Au-delà des investissements financiers, l’Algérie propose des transferts technologiques, des solutions d’ingénierie et des modèles de gestion éprouvés au sein de son propre complexe énergétique.

L’autre axe fort est celui de l’électricité. Avec Sonelgaz, l’un des acteurs les plus dynamiques du continent, le Mozambique entrevoit la modernisation de ses réseaux de distribution et l’augmentation de ses capacités de production.

La coopération intègre également un volet « énergies vertes » : solaire et éolienne. Grâce à son expérience dans ce domaine, l’Algérie peut accompagner la mise en place de systèmes hybrides modernes, particulièrement pertinents pour l’Afrique australe, où les réseaux électriques restent souvent instables et peu diversifiés.

Au-delà de l’énergie, la dimension pharmaceutique du partenariat attire également l’attention. Saidal déploie une stratégie d’expansion panafricaine et considère le Mozambique comme une plateforme stratégique pour pénétrer le marché d’Afrique australe.

Il ne s’agit pas seulement d’exporter des médicaments, mais de développer des unités de production locales, d’échanger des technologies, d’unifier des standards de qualité et de former des ressources humaines. Cette approche pourrait contribuer à renforcer la souveraineté pharmaceutique de la région, encore largement dépendante des grands groupes occidentaux.

Cette mission illustre clairement l’orientation panafricaine de la politique étrangère algérienne. Ces dernières années, Alger a multiplié les initiatives auprès des pays du Sahel ainsi que de l’Afrique centrale et orientale, avec l’ambition de devenir un hub énergétique et technologique continental.

Le choix du Mozambique comme partenaire s’explique par des atouts communs : richesses naturelles, accès stratégique aux routes maritimes et volonté partagée de renforcer l’autonomie industrielle. Si les perspectives sont prometteuses, elles s’accompagnent de défis structurels.
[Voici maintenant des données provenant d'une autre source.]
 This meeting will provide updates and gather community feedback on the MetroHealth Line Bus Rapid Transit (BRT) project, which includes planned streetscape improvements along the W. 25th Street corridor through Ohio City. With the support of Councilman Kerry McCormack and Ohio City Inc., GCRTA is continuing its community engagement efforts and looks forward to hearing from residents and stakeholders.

Les infrastructures du Mozambique restent insuffisantes, surtout dans le nord du pays, où se concentrent les grands projets gaziers. L’instabilité dans la province de Cabo Delgado représente un autre frein majeur à surmonter pour sécuriser les investissements.

Toutefois, la présence d’entreprises publiques algériennes solides pourrait renforcer la résilience de ces projets et réduire la dépendance vis-à-vis des institutions financières occidentales et des multinationales.
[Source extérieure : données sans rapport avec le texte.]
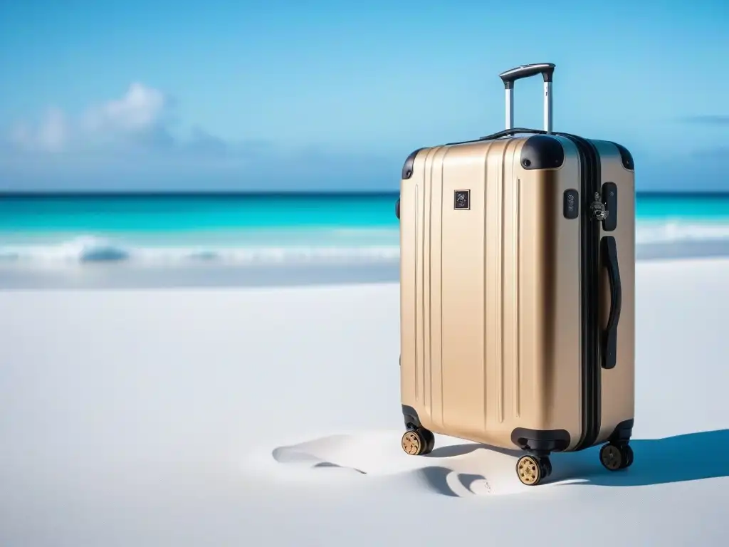 Equipaje de lujo para luna de miel en paradisíaca playa con maleta elegante brillando bajo el sol

En misant sur un dialogue fondé sur la confiance mutuelle, le respect et la vision à long terme, l’Algérie et le Mozambique envoient un message fort : le développement du continent africain peut se construire par des partenariats intra-africains ambitieux.

Si les projets annoncés voient le jour, cette coopération pourrait devenir un exemple concret de la mise en œuvre de l’agenda panafricain — une intégration économique réelle, un partage de savoir-faire technologique et un renforcement de la souveraineté collective des nations africaines.